TMcC: Doesn't ketamine induce hallucination?

PP: It's an anaesthetic. But it has different properties at different dosages: emergent properties. To be clear: I injected a very specific dose that induces a psychological effect very similar to a near death experience.

TMcC: Entering the tunnel and so on?

PP: Yes. But as a matter of fact there is no categorical NDE. There are perhaps twenty or thirty possible features, of which any single NDE will only have five or six.

TMcC: You contacted the INS's techno-chemical division, and through them made contact with a scientist who's written widely about this...

PP: Karl Jansen, yes. He's done it himself too. He claims hundreds of times.

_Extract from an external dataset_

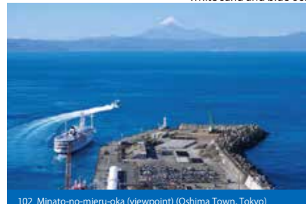
102 Minato-no-mieru-oka (viewpoint) (Oshima Town, Tokyo)

The Izu Islands are islands interspersed in the Pacific Ocean, 120 to 290 km south of Tokyo. In this area, you can enjoy characteristic landscapes of each island, for example, volcanic landforms produced by old and new lava and the beautiful contrast between white sand and blue ocean.

TMcC: So if the genotype of that project was your experience on ketamine, what was the phenotype?

PP: It began in a simple way: last summer I was thinking about the experience economy -- another economy. And the question popped into my head: in an experience economy, what would be the value of a near death experience? I didn't know anything about the subject then, so I started looking, and was shocked to find that near death experiences warrant a whole category on Amazon: hundreds of books are dedicated to the subject. But it stands to reason, there's an incredible desire to know what comes after this: ninety-nine percent of books on NDEs use the experience to try to prove that there's some kind of afterlife. I am not a believer. The only person I think has dealt with the subject well is Susan Blackmore in her book Dying to Live: Near Death Experiences. The same Blackmore by the way who wrote The Meme Machine.

TMcC: What's her take on it?

PP: She invokes Occam's Razor: you don't need to bring in all sorts of external beliefs to explain the phenomena. More and more people are having NDEs because more and more people are brought back from death's door after medical intervention. She feels all the accounts are explainable in terms of the body shutting down. But she does concede -- and this is interesting -- that the experience fundamentally changes the life of a significant percentage of people who undergo it. Everything changes. As far as I know, there is only one writer who's done any sort of theory-forming about this, and that's an Australian psychiatrist named John Wren. He had an NDE himself in Thailand in the eighties, and has been trying to work out what happened ever since. He talks about the death of the 'hyperactive survivor mechanism'. So that started me thinking: what would be the value, in an experience economy, of this type of thing if you could on-demand it?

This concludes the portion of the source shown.